### Exercise details
The answer should hold only the lines from the one containing "EDITABLE Calendar Fundraiser" through the one containing "Dice shaped, decision" in the entries below, copied exactly, without pictures.

### Records for the exercise
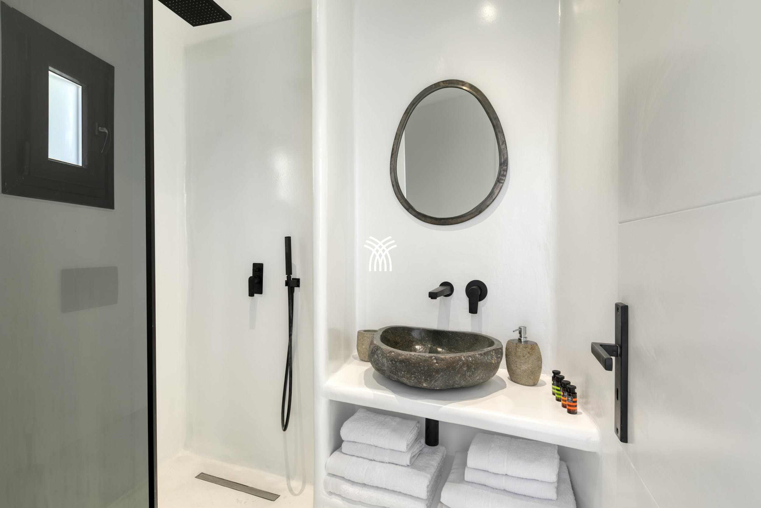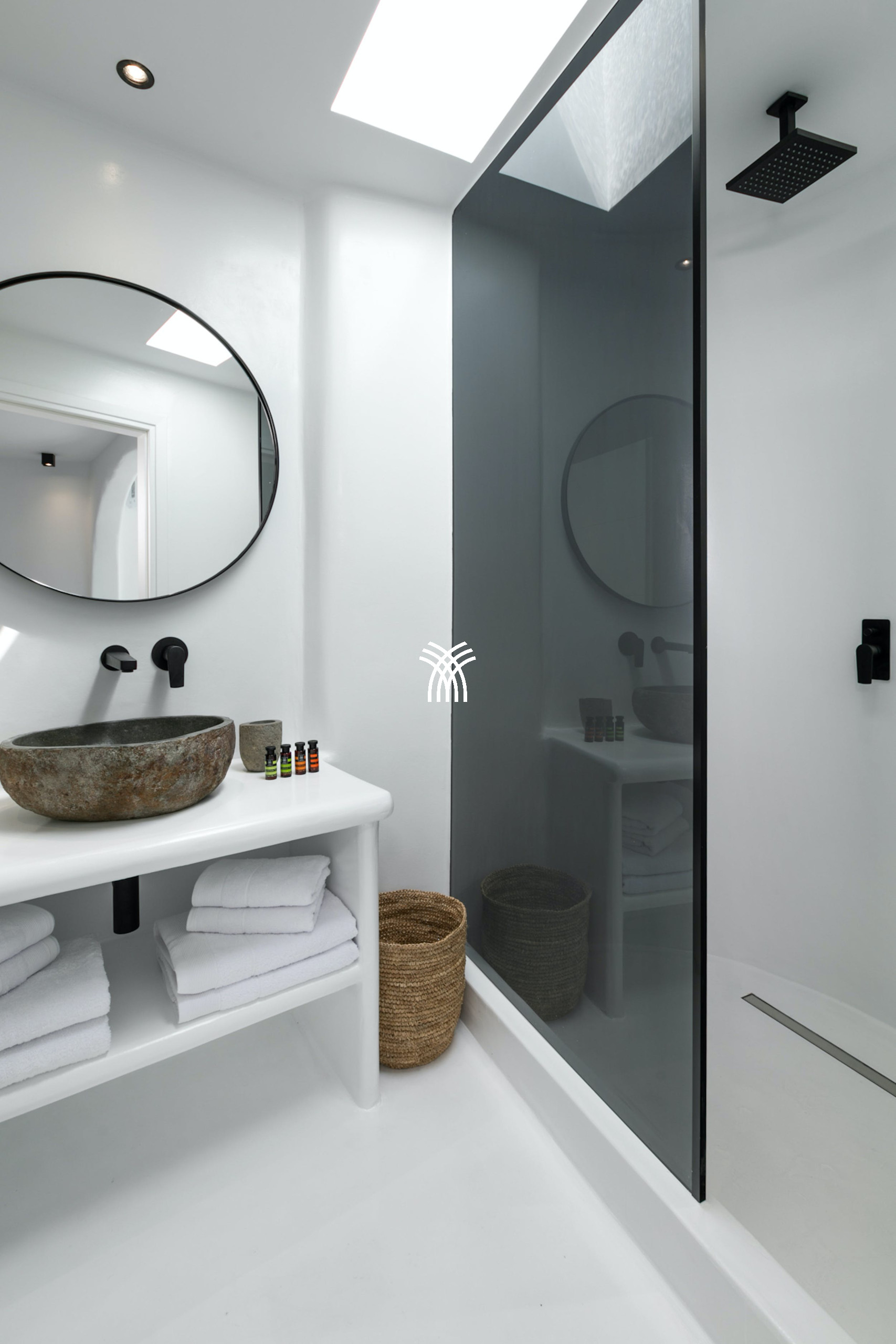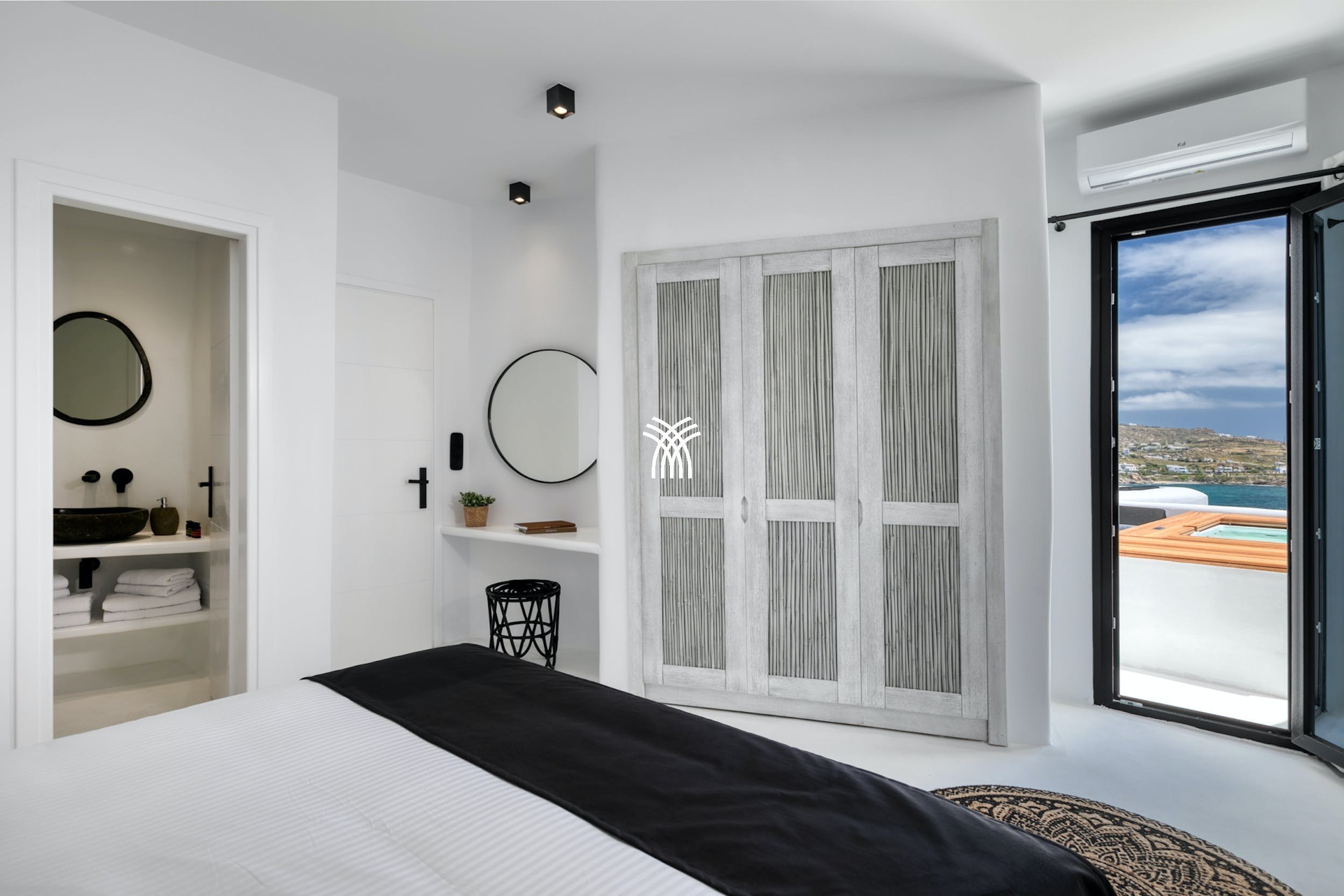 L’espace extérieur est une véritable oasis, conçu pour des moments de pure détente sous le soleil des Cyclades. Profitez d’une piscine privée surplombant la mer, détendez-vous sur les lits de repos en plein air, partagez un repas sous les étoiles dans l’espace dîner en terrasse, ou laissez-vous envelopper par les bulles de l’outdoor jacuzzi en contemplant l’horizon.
* * *
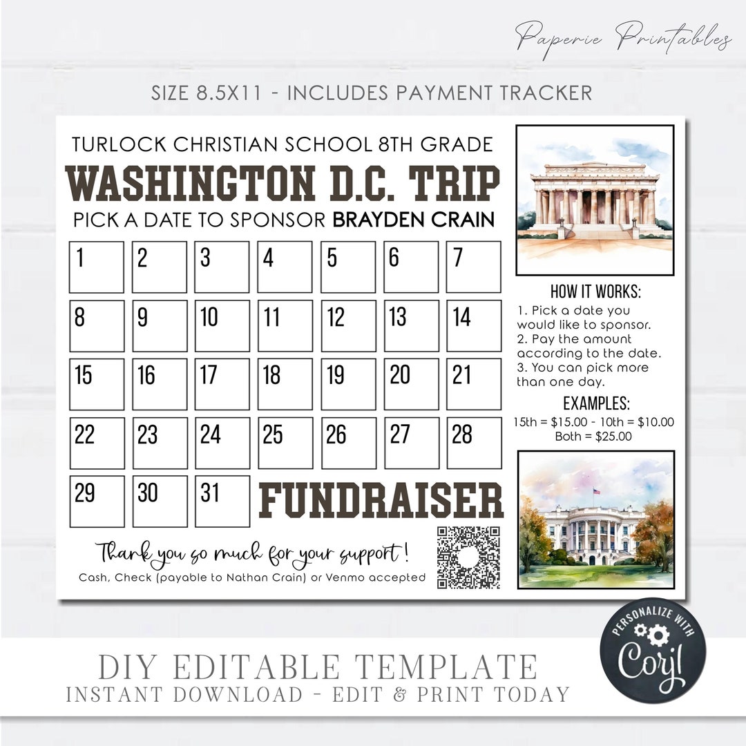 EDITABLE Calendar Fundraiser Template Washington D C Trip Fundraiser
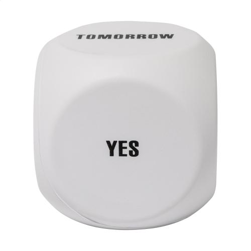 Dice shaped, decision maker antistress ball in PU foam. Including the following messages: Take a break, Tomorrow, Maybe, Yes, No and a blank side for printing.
==
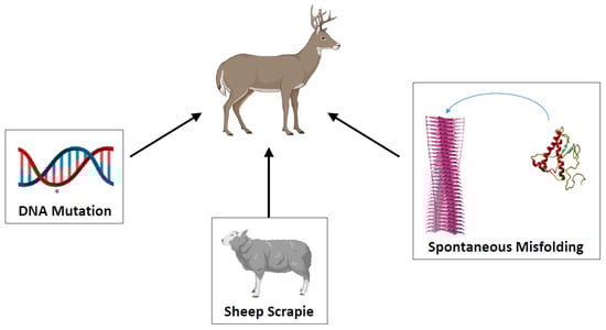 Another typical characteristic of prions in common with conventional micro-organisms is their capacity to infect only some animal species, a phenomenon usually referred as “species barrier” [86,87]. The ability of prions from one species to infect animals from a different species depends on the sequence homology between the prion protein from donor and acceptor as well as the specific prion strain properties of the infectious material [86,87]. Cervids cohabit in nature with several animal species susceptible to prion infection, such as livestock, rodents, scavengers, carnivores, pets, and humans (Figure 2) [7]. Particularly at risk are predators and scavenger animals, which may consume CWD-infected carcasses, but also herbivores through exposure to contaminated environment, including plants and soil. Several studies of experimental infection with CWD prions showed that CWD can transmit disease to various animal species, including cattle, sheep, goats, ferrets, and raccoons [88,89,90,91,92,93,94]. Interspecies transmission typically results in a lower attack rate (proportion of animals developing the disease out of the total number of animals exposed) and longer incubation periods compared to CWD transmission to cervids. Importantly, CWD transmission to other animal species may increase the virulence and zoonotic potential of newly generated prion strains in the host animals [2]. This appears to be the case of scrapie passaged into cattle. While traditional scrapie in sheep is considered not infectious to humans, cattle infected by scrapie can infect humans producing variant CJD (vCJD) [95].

### Reply to the task
 EDITABLE Calendar Fundraiser Template Washington D C Trip Fundraiser
 Dice shaped, decision maker antistress ball in PU foam. Including the following messages: Take a break, Tomorrow, Maybe, Yes, No and a blank side for printing.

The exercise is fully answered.